Tuesday, July 7, 2009

What I Want To Believe

Harry Reid just told Max Baucus to get with the program. The same day the 60th Democratic senator was sworn in.
So when I say Kabuki, this is what I mean, from a couple of TPM insiders who don't just jump all over the latest news story like it's the next worst thing:

Bipartisanship--defined. The press is focusing on the votes in Congress to determine bipartisanship rather than the elctorate. The Congressional Republicans have been so isolated that they answer only to a small proportion of the total electorate --about 18%--who control the Republican primaries in most states and districts.
Obama is focusing on are the Republican-leaning voters who do not self-identify as Republicans to strangers on the telephone (in polls) but have definite tendencies to vote Republican as well as true independents. What he, and the Democratic Senate leadership, have been doing is reaching out to the Republican officeholders knowing that they probably will spurn their advances. The real conversation is with the Republican leaners and independents in the electorate, and there are clear signs, I beleive, that that conversation has succeeded. Obama does not have to get the Congressional Republican votes (so long as he gets his bills enacted) to be perceived as bipartisan by the electorate--he just has to been seen as trying in a good faith effort and coming part way. The refrain of "party of no" is taking hold among the elctorate I identified above who are deciding increasingly that it is the Republicans who are at fault and not being bipartisan--a perception which, for once, comports with reality.
Obama has, thus far, manuevered the Republicans into an increasingly isolated position among the electorate and you would be surprised how many in the Republican Congressional leadership have not figured it out. A couple of momths ago I predicted to severl friends that next year the Democrats would NET four seats in the Senate and 10-12 in the House. I am increasingly confident of that prediction.

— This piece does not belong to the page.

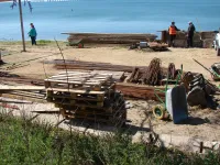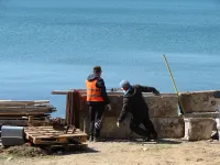 На первом ярусе, у моря, строители ведут работы вдоль подпорной стены, где раньше были навесы.

Obama, Reid and Pelosi between them have total responsibility to keep the government functioning in spite of the asinine and unified obstructionist actions and language of the Republicans as dominated by the talk show hosts. Obama has done a masterful job of playing the Republicans so that the only positions they could take to oppose him have been more self-destructive than effectively obstructionist on the large issues.
Between Pelosi and Reid, Pelosi has the easier job because of no filibuster. Not easy, but much easier than Reid's job. She still has to mollify the Blue Dogs who are almost as skittish as the Republicans because they fear the next primary. So Pelosi has compromised with both the Republicans and the Blue Dogs to a greater extent than any of us like at all.
Reid with only 59 Democrats until today as well as the filibuster which the Republicans are only mildly hesitant to use was in much worse situation than Pelosi. I'd bet he has been counting votes very closely and keeping the conservative Democratic Senators mollified.
But two things have just changed. Al Franken was sworn in today and the big initiative - health care - is in the balance. This is once in a lifetime, not just in a political career. I'm more and more convinced that the three top Democrats - Obama, Reid and Pelosi, have been gearing everything to powering the health care bill into enactment this year. That's the reason for the refusal to accept delays, and I think they have allowed some things to be enacted that they hate (I know I do) so as to not waste Presidential power on secondary issues. But now we are in the main bout. If I am right, then the gloves are going to come off.
We'll get only hints of the machinations because they aren't even inside the beltway. They are inside the Senate and House. and the Press mostly hasn't a clue, and the ones who have read Richard E. Neustadt's book "Presidential Power" will find that it runs counter to the permitted media narrative. But some reporter with inside connections on the Hill and the smarts to apply Neaustadt's teachings has one Hell of a great book to write, much like Sorenson's "Making of the President."
Anyway, that's what I think has been happening since Obama as inaugurated. This month is the climax of the story.